Nourrissez vos rosiers de manière équilibrée. Au début de la saison, donnez une poignée d’engrais rapide pour les aider dans leur développement. À l’automne, vous pouvez donner de l’engrais à diffusion lente comme du fumier de cheval bien mûr ou de la corne séchée.
Lutte contre les ravageurs et insectes
Les rosiers peuvent être visités par divers insectes :
- Pucerons : Ils viennent se nourrir de la sève au printemps. Le traitement est simple : il faut les retirer manuellement ou les chasser au jet d’eau.
- Araignées rouges : Favorisées par la chaleur et l’humidité, elles forment parfois des toiles comme un voile blanc.
- Otiorhynques : Ces insectes nocturnes s’attaquent aux feuilles en les grignotant. Pour les capturer, disposez du papier journal au pied du rosier touché.
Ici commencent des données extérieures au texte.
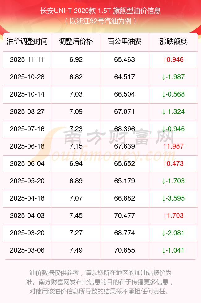 依照11月11日92号汽油最新调整价格6.92元/升来计算(以浙江为例),该车型百公里的平均油费是65.463元,依照上一轮10月28日调整价格6.82元/升来计算,百公里的平均油费是64.517元,对比上一轮多花0.946元,下一轮的油价调整时间11月24日24时。

- Tenthrède des feuilles : Ces fausses chenilles grignotent les feuilles en laissant la dernière couche de tissus, formant des cercles transparents.
Favoriser la lutte biologique
Pour favoriser un bon équilibre au jardin, stimulez la présence d’insectes auxiliaires comme les syrphes ou les larves de coccinelles. Les oiseaux sont essentiels à votre jardin en se nourrissant des insectes ravageurs. L’installation de plantes répulsives ou attirantes (basilic, thym, œillets d’Inde, lavande, capucines) permet également de protéger vos rosiers.
Traitements naturels et remèdes de grand-mère
Pour les plus créatifs, vous pouvez réaliser des décoctions maison à la prêle ou à l’ail. Contre l’oïdium, un mélange d’eau et de lait est efficace. Contre les pucerons, l’eau savonneuse empêche leur installation. Les purins végétaux comme le purin d’orties, de fougère ou l’extrait de prêle peuvent contribuer à renforcer les défenses naturelles du rosier. En cas de chlorose ferrique, mélangez de l’anti-chlorose dans l’eau d’arrosage pour compenser la carence en fer du sol.

Comprendre les signaux de stress
Il peut arriver de repérer sur les feuilles l’apparition de taches grises à noires en stries. Rien de grave, votre rosier a sûrement subi un moment de stress lié à un chaud-froid ou un petit stress hydrique. En début de saison, des boutons peuvent avorter : c’est souvent lié à un coup de gel tardif. Observez vos rosiers chaque semaine pendant la saison de croissance. Plus vous détectez tôt les premiers symptômes, plus vous pouvez agir rapidement et limiter les dégâts. Une surveillance régulière reste le meilleur moyen de garder vos rosiers en bonne santé. Parlez à vos rosiers et regardez-les avec l’œil expert que vous avez maintenant acquis.